_Records drawn from a dataset_.
>>>

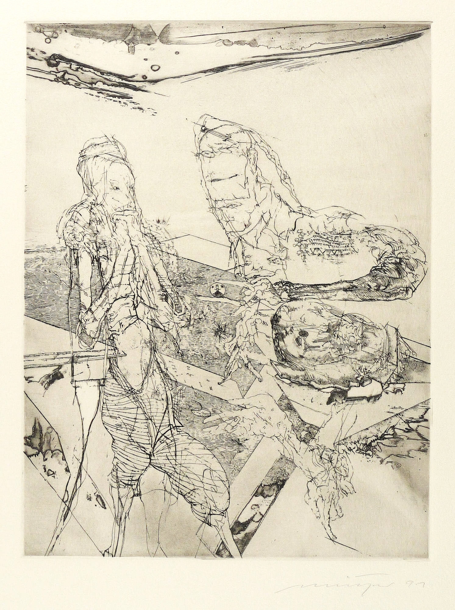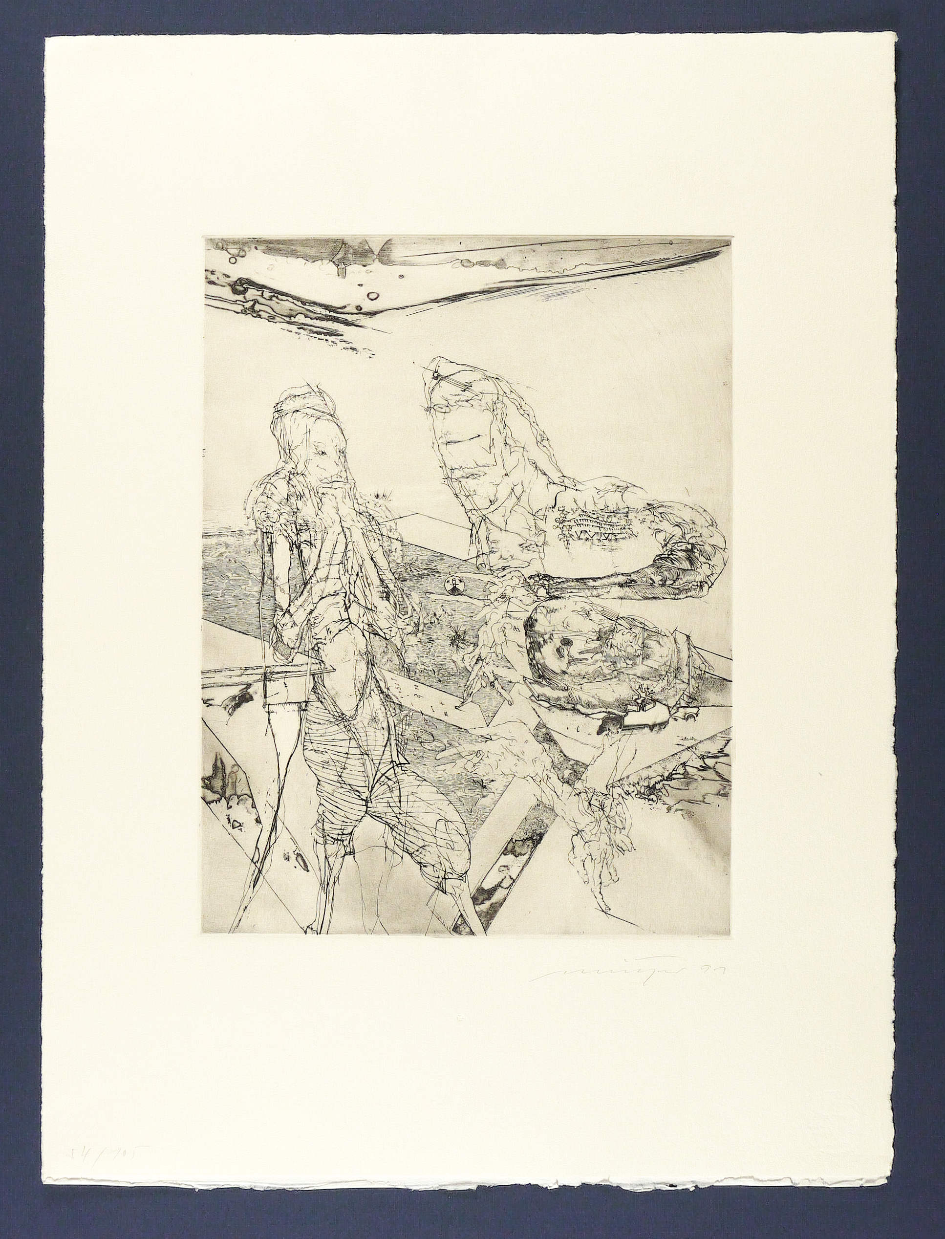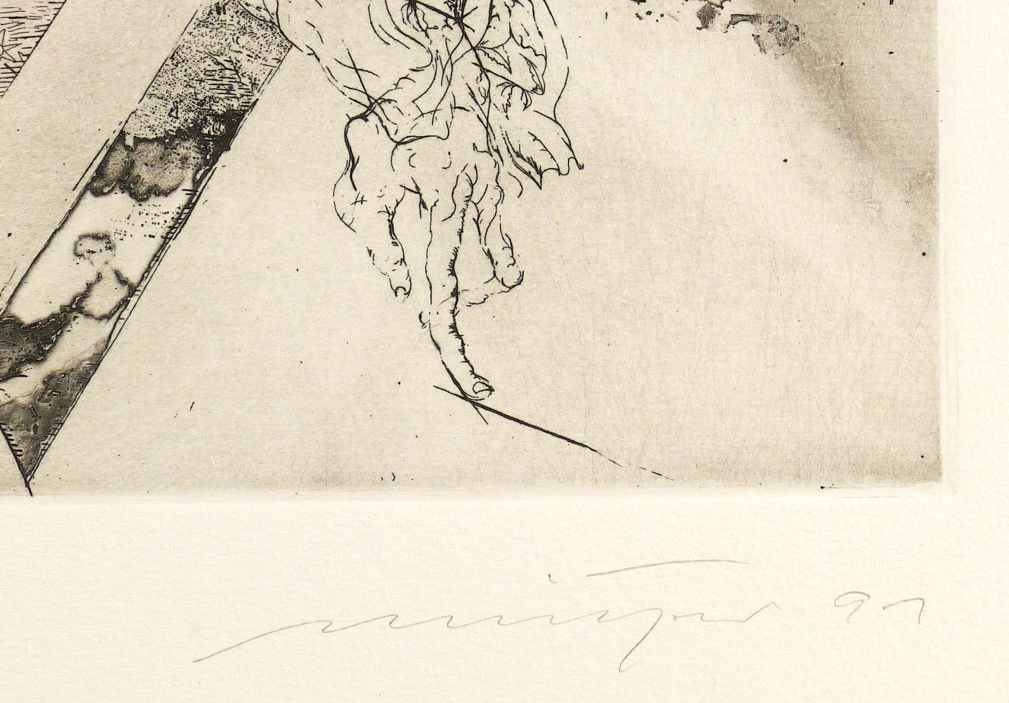 1991. Radierung / Strichätzung, mit Plattenton, auf schwerem Hahnemühle-Bütten. – Originale Künstlergrafik, von Rolf Münzner. – Auflage Exemplar Nr. 54/105. – 32,7 x 24,6 cm (Darstellung / Platte), 53,5 x 39,5 cm (Blatt).
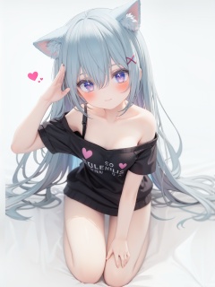petite, loli, solo, animal ears, heart, puffy short sleeves, blue hair, long hair, off shoulder, bangs, hair ornament, gradient background,rainbow gradient, x hair ornament, animal ear fluff, looking at viewer, very long hair, blush, smile, cat ears, bare shoulders, collarbone, hand up, gradient sweater, hair between eyes, symbol-shaped pupils, arm up, heart-shaped pupils, hairclip, medium breasts, salute, bare legs,full body
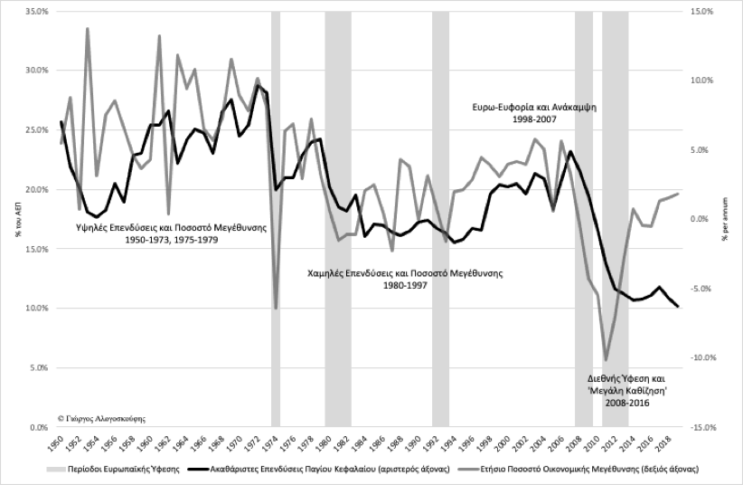 Η εξέλιξη των επενδύσεων παγίου κεφαλαίου σε σχέση με το ΑΕΠ απεικονίζεται στο γράφημα που ακολουθεί. Κατά την περίοδο 1950-1973, οι επενδύσεις ήταν κατά μέσο όρο ίσες με το 23,5% του ΑΕΠ. Ως αποτέλεσμα, ο μέσος ετήσιος ρυθμός αύξησης του ΑΕΠ αυξήθηκε σε 7,4%. Ποτέ πριν ή μετά δεν γνώρισε η Ελλάδα τόσο υψηλούς ρυθμούς ανάπτυξης για τόσο μεγάλο χρονικό διάστημα.
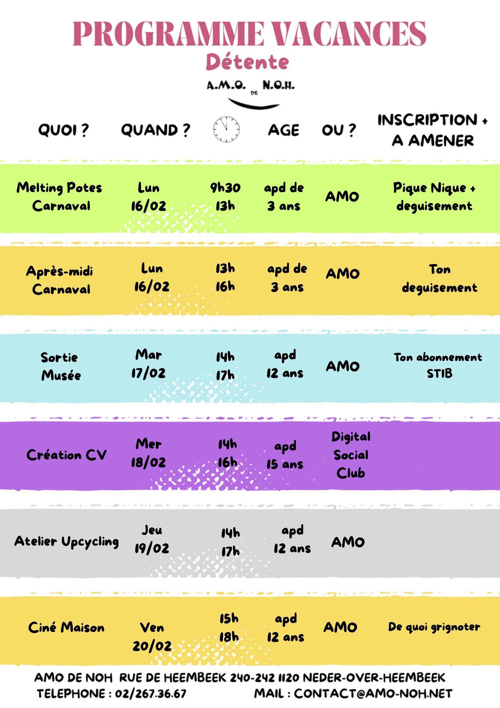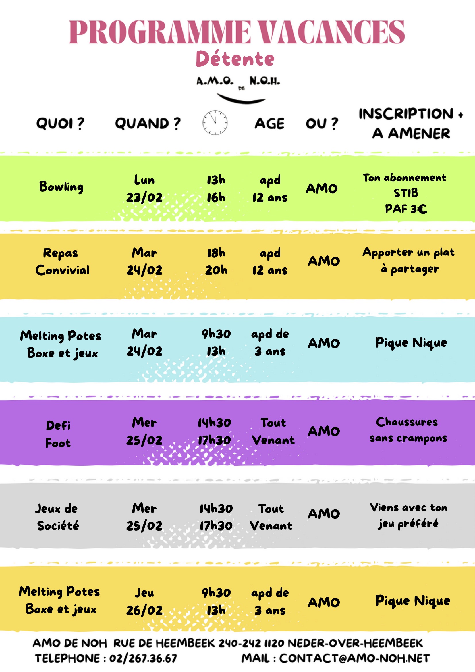 Programme des vacances de détente de l’AMO
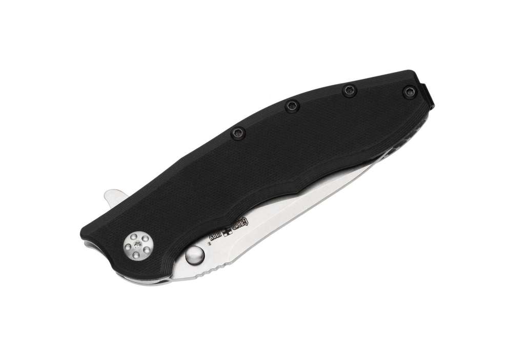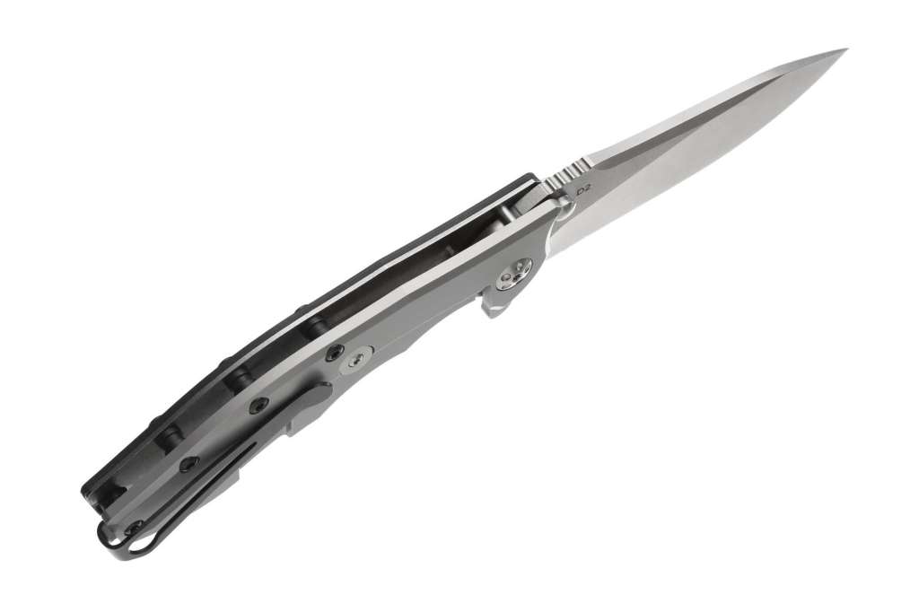 Клинок виготовлений з інструментальної сталі D2, що гарантує клинку міцність, відмінний різ і тривале утримання гостроти ріжучої кромки. Розкриття клинка – зачепом за плавник фліппера. Кліпса – сталева.

<<<

_EXERCISE INSTRUCTIONS_.
Exactly the lines from the top of the entries through the line with "petite, loli, solo, animal", inclusive, must be given again, with every picture omitted.

_EXERCISE RESPONSE_.
 1991. Radierung / Strichätzung, mit Plattenton, auf schwerem Hahnemühle-Bütten. – Originale Künstlergrafik, von Rolf Münzner. – Auflage Exemplar Nr. 54/105. – 32,7 x 24,6 cm (Darstellung / Platte), 53,5 x 39,5 cm (Blatt).
petite, loli, solo, animal ears, heart, puffy short sleeves, blue hair, long hair, off shoulder, bangs, hair ornament, gradient background,rainbow gradient, x hair ornament, animal ear fluff, looking at viewer, very long hair, blush, smile, cat ears, bare shoulders, collarbone, hand up, gradient sweater, hair between eyes, symbol-shaped pupils, arm up, heart-shaped pupils, hairclip, medium breasts, salute, bare legs,full body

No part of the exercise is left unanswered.